Роза кивала, мерцала зелеными глазами. Сыпала на стол среди стаканов и виноградных косточек глянцевитые карты. Мелькали валеты, короли, дамы, пестрая, как лепестки, красная и черная масть. Она шелестела картами, тасовала колоду, снова сыпала, роняла на стол. Калмыков слышал шорох карт, дуновение воздуха, поднятое разноцветным ворохом. И ему казалось — в мелькании ее тонких, с лакированными ноготками пальцев мечется бесплотный крохотный вихрь, в котором незримо присутствует их общая доля, их будущее, готовое развернуться для каждого отдельной, данной Богом судьбой.
— Будет у вас скоро дальняя дорога! — говорила гадалка, рассыпая перед ними длинную череду карт, где мешались шестерки, девятки, красный бубновый туз. Мокрый стакан бросал на пикового валета пучок стеклянных лучей. — Будет у вас дорога! — выстилала она картами путь, по которому пройдет батальон, продавливая ребристыми скатами, колючими гусеницами шелковые плащи валетов, бутафорский доспех короля. — И все вы по ней пойдете!
Роза перемешала карты, высыпала веером новую лакированную гроздь, где лежали среди семерок и девяток два чернокрасных туза.
— И будет у вас большой дом, нарядный богатый дворец! — Она щелкала по картам маленькими лакированными ногтями.
Калмыков чувствовал, как ровно разгорается свет под абажуром, как светлеет в его голове от хмеля, от слов гадалки, от глянцевитого разноцветия карт. Бесплотный крохотный вихрь выталкивал из себя их неосуществленное будущее, и он, Калмыков, был волен не пустить это будущее на свободу или вызвать, выхватить, превратить в муку, в страдание, в смерть.
— Все вы войдете в этот дворец, но не каждый выйдет! — Роза повернулась к Грязнову, держа перед ним на фарфоровых ладонях колоду. — Ты каким войдешь, таким и выйдешь! — говорила она, сбрасывая перед Грязновым несколько карт, где дама с высокой прической куталась в золотистую шаль. — А ты, — повернулась она к Расулову, улыбающемуся сквозь темные усы, — ты из дома выйдешь, но там оставишь самое для себя дорогое! — Она бросила перед ним несколько глянцевых пластин, где другая дама закрывала пышную грудь резным веером. — А ты, — она потянулась к Беляеву, синие бусы на шее отпали, звякнули о стакан. Было видно в вырез платья, как просторно среди легкой материи ее маленьким острым грудям. — Ты войдешь во дворец и там оставишь, что тебе самому не нужно! — Беляев недоверчиво улыбался, заглядывая в глубину ее платья, где в золотистой тени светились продолговатые груди. — А ты… А ты, — Роза уронила перед Барановым череду карт, среди которых одиноко и жарко горела шестерка червей. — Ты в дом войдешь, а из дома не выйдешь! — Она улыбалась ему, награждала его судьбой, и он благодарно ее принимал. Обнял ее гибкую талию, прижался головой к близкому острому плечу. — А вам погадать? — обратилась Роза к Калмыкову, поднося к нему поредевшую колоду, где среди чернокрасных значков вращался крохотный прозрачный волчок. — Командиру могу погадать!
Свет разгорался. На блюде светились плоды. Влажно, хрупко сверкали грани стаканов. Лица офицеров были в прозрачном сиянии. Спали в казармах солдаты. В парке остывали боевые машины. В пустыне под синей луной отпечатался след транспортера. В руке у гадалки круглился крохотный бестелесный клубок, сгусток сверхплотных энергий.
Калмыков поднялся:
— Говорят, от судьбы не уйдешь, но лучше ее не знать! Досиживайте без меня! Но чтоб завтра голова не болела!.. Утром все роты — на плац!

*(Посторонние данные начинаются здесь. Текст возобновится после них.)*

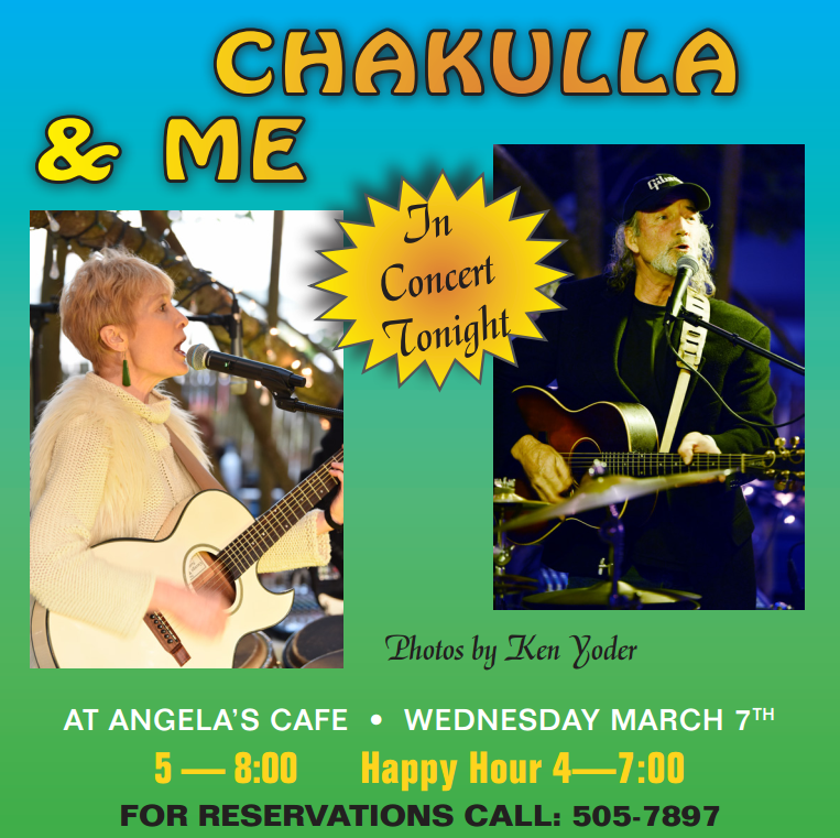 “Chakulla and Me” in Concert in the Garden at Angela’s Cafe Italiano in Beautiful downtown Punta Gorda, Florida This Event is FREE! Call for reservations: (941) 505-7897

Он собирался уйти, осторожным движением отстраняя Розу, заступившую ему путь.
— Товарищ подполковник, тогда и остальных забирайте! Когонибудь одного оставляйте! — капризно сказала она.

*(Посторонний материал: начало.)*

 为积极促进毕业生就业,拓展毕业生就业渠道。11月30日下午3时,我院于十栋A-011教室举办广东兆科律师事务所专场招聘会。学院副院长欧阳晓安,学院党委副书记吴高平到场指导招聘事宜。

— Роза, как в прошлый раз! — сказал Расулов, хватая узбекский нож. — Вешай мишень на стену! Кто поразит мишень, тот у тебя и останется!
Роза оглядела всех долгим ленивым взглядом, выбирая, отвергая и опять приближая к себе поочередно каждого из четырех офицеров.

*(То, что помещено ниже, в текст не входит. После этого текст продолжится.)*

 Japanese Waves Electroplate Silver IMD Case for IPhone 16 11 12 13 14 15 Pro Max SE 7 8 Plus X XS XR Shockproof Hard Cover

— Так и будет. Кто мишень поразит, тот останется!
Она подошла к туалетному столику, достала чистый платок. Помадой ярко, сочно покрасила губы. Прижалась губами к платку, оставила на нем красочный, похожий на сердечко отпечаток. Булавками пришпилила к двери матерчатый белый квадрат.
Расулов вскочил, сильным рывком метнул вперед нож. Стальное лезвие прорубило ткань в красной отметке, погрузилось со стуком в дерево.
Калмыков уходил, слышал возбужденные голоса офицеров, тонкий смех Розы.
Запомнилась давняя новогодняя елка, гдето у письменного стола, ветка заслонила бронзовые статуэтки, чернильницы, зеленоватую глыбу стекла с вмороженным морским пауком. Колючий пышный ворох, в котором горят розовые свечки, колышутся хрупкие серебряные шары, мерцает рассыпанная пыльца. И такое волшебство, такое диво, так хочется дотянуться до раскрашенного стеклянного петуха, поймать на ладонь быструю блестящую капельку. И гдето рядом с этим дивом — мама, ее нежность, ее восторг.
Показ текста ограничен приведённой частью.